Apsáalooke, Crow Tribe of Montana
Apsáalooke, Crow Tribe of Montana
Born in 1993, Del Curfman grew up in the divides between his Apsáalooke (Crow Tribe of Montana) heritage and the greater Western/Montanan/non-Native culture, forever influencing him and his artwork. A graduate of the Institute of American Indian Arts (IAIA), this emerging artist’s work has found significance as a reminder that American Indian culture and traditions have not faded into history or obscurity. His artwork is a conduit for cross-cultural dialogue. Through time, space, and movement, his paintings transgress the boundaries and limits of American Indian stereotypes. Curfman’s work has been featured internationally, at the Field Museum of Chicago and the Neubauer, in local and national publications, and in galleries in New Mexico, Arizona, Texas, and Bristol, U.K. He is based in Santa Fe, New Mexico, where he remains concentrated on creating socially aware, community-engaged artwork.
“Tobacco Testimony” illustrates the commodification of tobacco, a sacred medicine in the Apsáalooke culture. The model’s interaction and physical stance show a contemporary relationship with the industry of Big Tobacco. She is juxtaposed against American Spirits cigarettes, a non-Native tobacco company that uses appropriated images of American Indian cultures and their visual lexicon (chief, headdress, and tobacco pipe). The model stands proud and defiant against the American Spirits logo.” —Del Curfman
What does the idea of “justice for Native communities” mean to you?
The injustices my people face are multidimensional and intersect many aspects of daily life.

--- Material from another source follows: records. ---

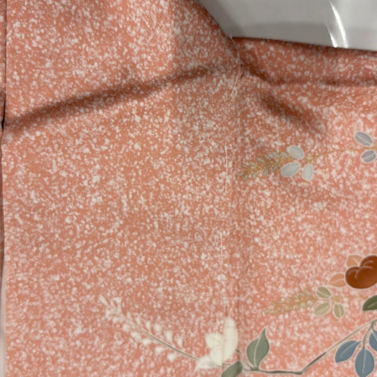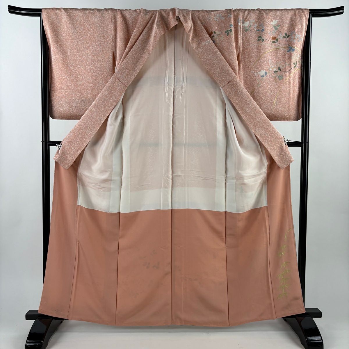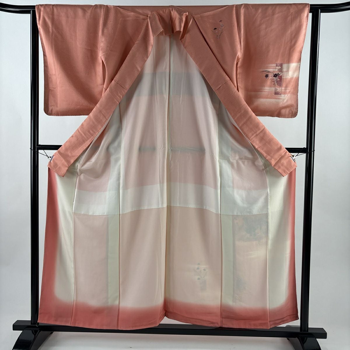 付下げ 身丈160.5cm 裄丈62.5cm S 袷 落款あり 几帳 草花 金糸 金彩 薄オレンジ 正絹 秀品
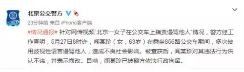 針對網上一視頻「北京一女子在公交車上指責謾罵他人」情況,警方經工作查明,5月27日8時許,聞某珍(女,63歲)在乘坐856路公交車期間,多次使用歧視性語言謾罵他人,造成不良社會影響。被查獲後,聞某珍對其違法行為供認不諱,並表示悔改。目前,聞某珍已被警方依法行政拘留。
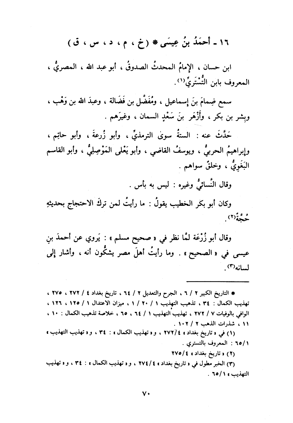 16 - أَحْمَدُ بنُ عِيْسَى بنِ حَسَّانٍ، ابْنُ التُّسْتَرِيِّ * (خَ، م، د، س، ق)
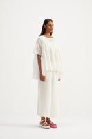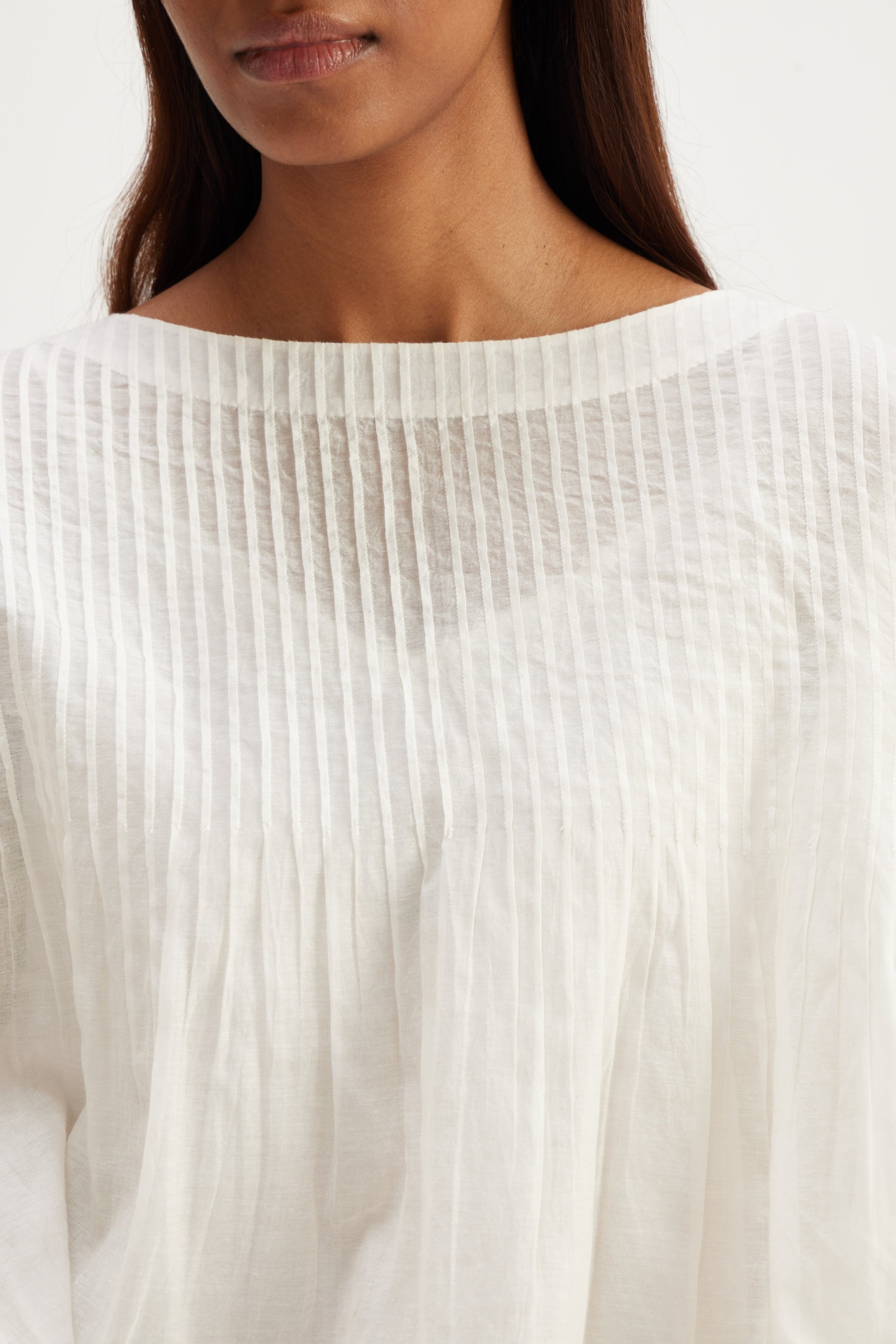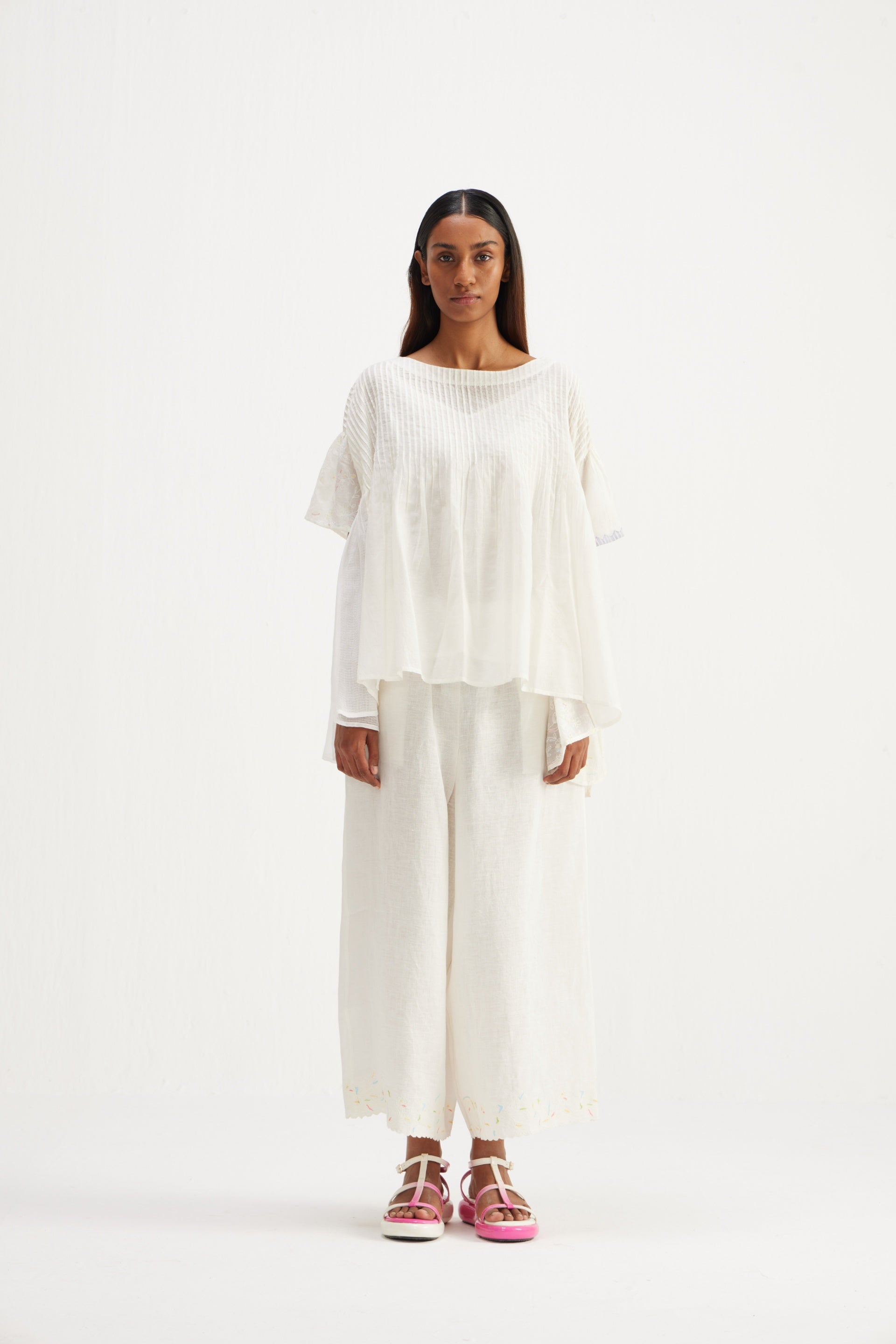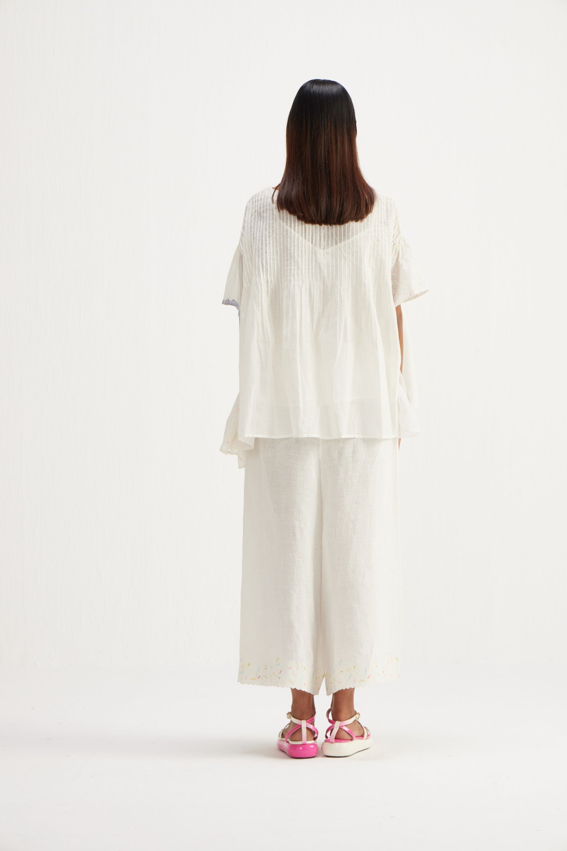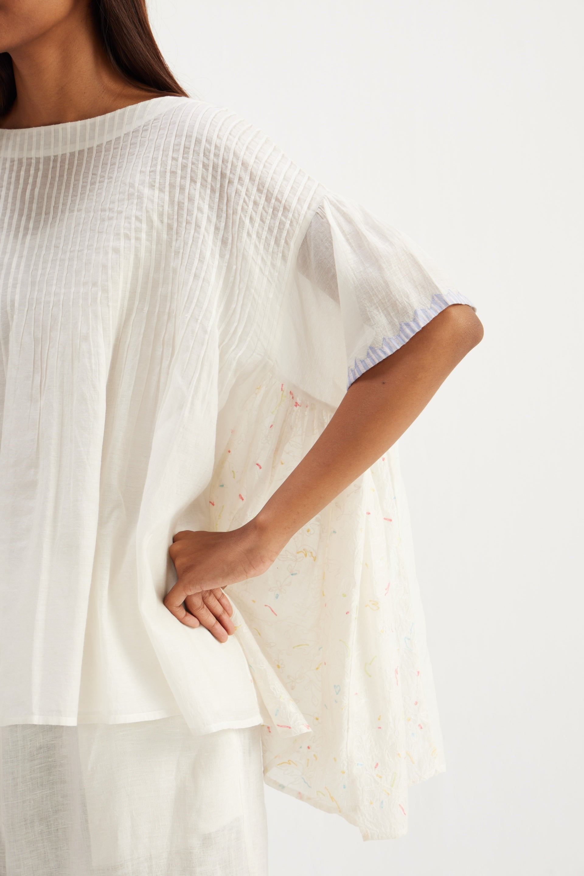 Oversized top with pintucks, delicate floral embroidery and printed chevron applique detail. Comes with a seperate cotton silk lining.
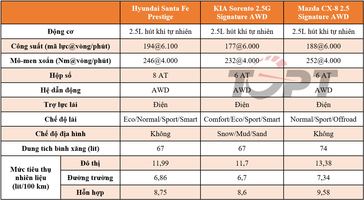 Các xe này đều sử dụng động cơ 2.5L hút khí tự nhiên, đặc biệt là Hyundai Santa Fe và KIA Sorento vốn có tương đồng về cụm máy. Tuy nhiên, sức mạnh của mỗi xe lại có khác biệt, đại diện Hyundai mang lại công suất cao nhất (kết hợp với hộp số tự động 8 cấp), Mazda CX-8 lại cho mô-men xoắn mạnh nhất.
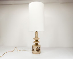 Pied De Lampe Sculpture En Travertin 1970
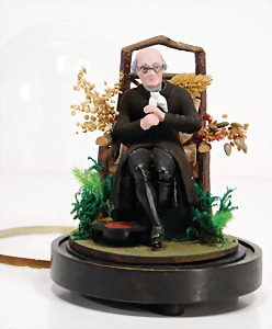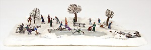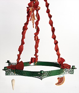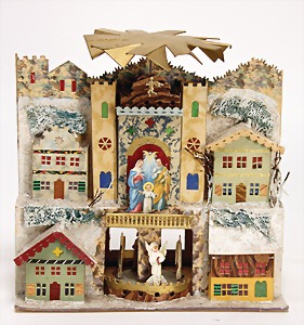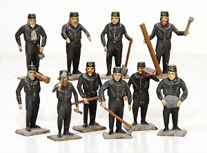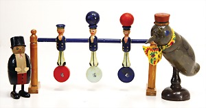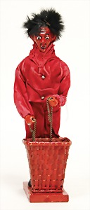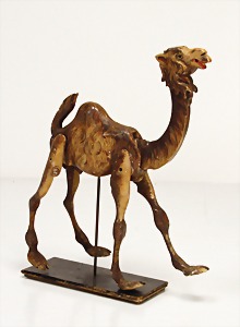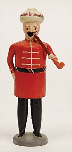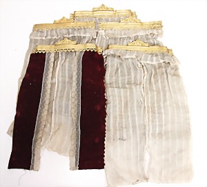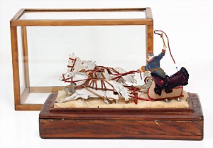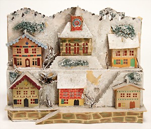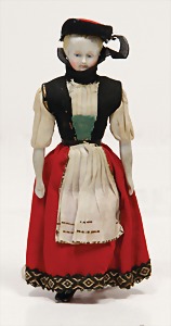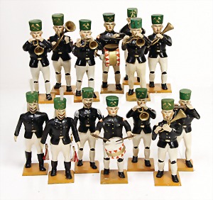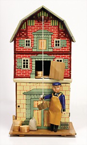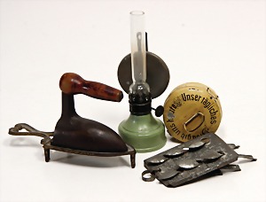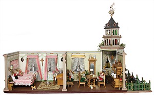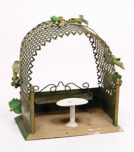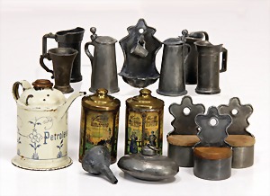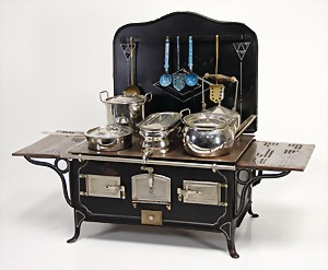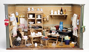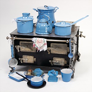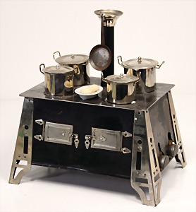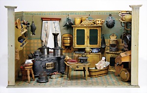 stately doll kitchen, c. 1890, width: 1.38 m, height: 50 cm, depth: 61 cm, original wallpaper at wall and floor, wallpaper at floor is caused of old age worn at edge, furnished, richly equipment, porcelain parts, tin parts, copper and brass, 1 butter machine, representative stove from that period, funnel can be fixed behind the kitchen, water vessel, pot set isn't original, pudding form, the last time it was used in the '30s, according to the original owner the doll kitchen was only used at Christmas

To me, every generation of Apsáalooke people who have strived for a better life is a form of justice. My vision for justness and equality for Native people is a future where all tribes can achieve their version of success. This could be Native youth having access to quality education, a tribe incubating the next generation of traditional healers, a community’s health holistically advancing, youth finding ways to carry on traditional artforms/regalia-making, and a more robust version of tribal sovereignty are all forms of justice.
What do you think needs to happen in the world to achieve justice for Native communities?
An ideal and comprehensive approach for finding justice would be true tribal liberation. Tribal sovereignty that functions beyond the legal terms which could look like a tribal nation that is immersed in their ancestral knowledges, solves contemporary issues with traditional ways, and would-be communities that are not burdened by intergenerational trauma. Not to say that Native communities have not already achieved these goals, but my vision for justice for Native American communities includes tools for all these issues and challenges that have kept our Native people from achieving success.
How do you express justice through your artwork?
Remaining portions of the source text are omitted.